PROBLEM TO SOLVE:
Beginning with the line containing "El mandatario estuvo", write out each line exactly through the end of the listing, and skip all pictures.

DATASET CONTENT:
+ + + +
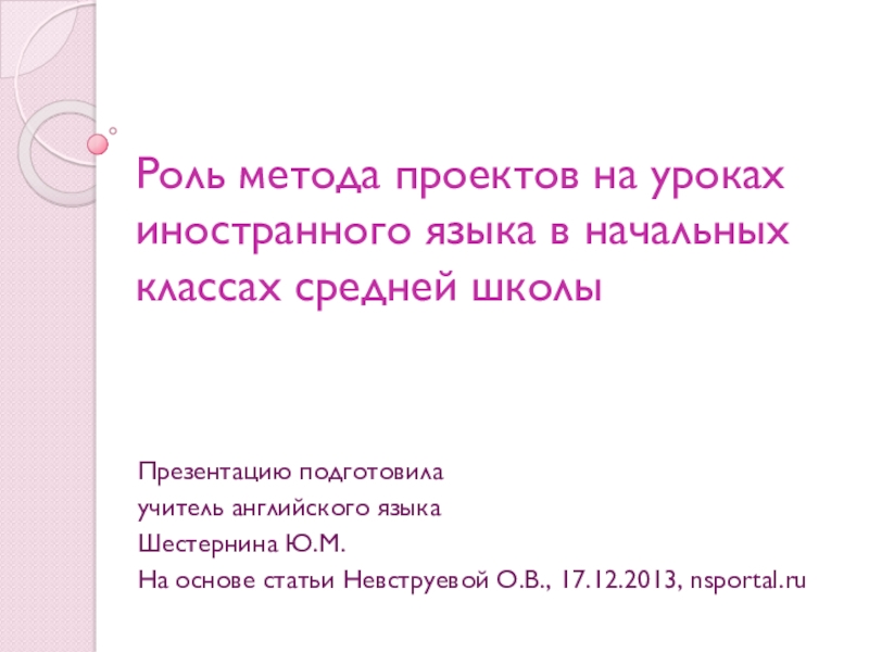 На основе статьи Невструевой О.В., 17.12.2013, nsportal.ru
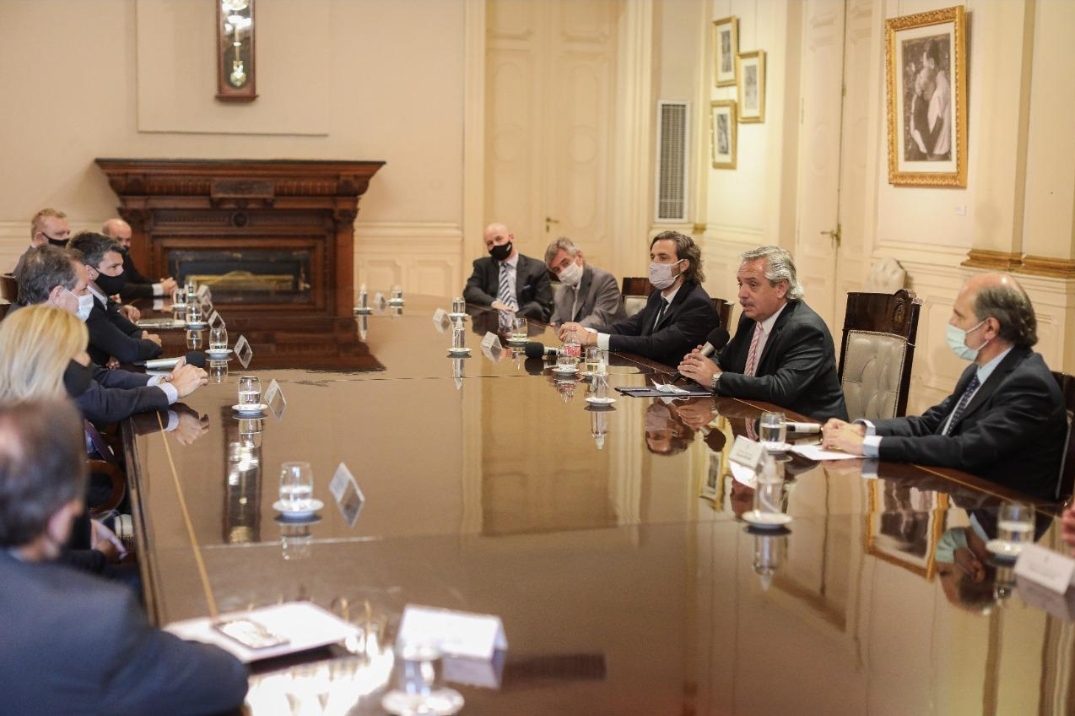 El mandatario estuvo acompañado por el jefe de Gabinete, Santiago Cafiero; los presidentes del Banco Central de la República Argentina (BCRA), Miguel Pesce; y del Banco Nación, Eduardo Hecker.
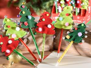 Bolígrafos de tela coloridos para árbol de Navidad con campanas decorativas en expositor de 24 piezas
+ + + +
EXERCISE RESULT:
 El mandatario estuvo acompañado por el jefe de Gabinete, Santiago Cafiero; los presidentes del Banco Central de la República Argentina (BCRA), Miguel Pesce; y del Banco Nación, Eduardo Hecker.
 Bolígrafos de tela coloridos para árbol de Navidad con campanas decorativas en expositor de 24 piezas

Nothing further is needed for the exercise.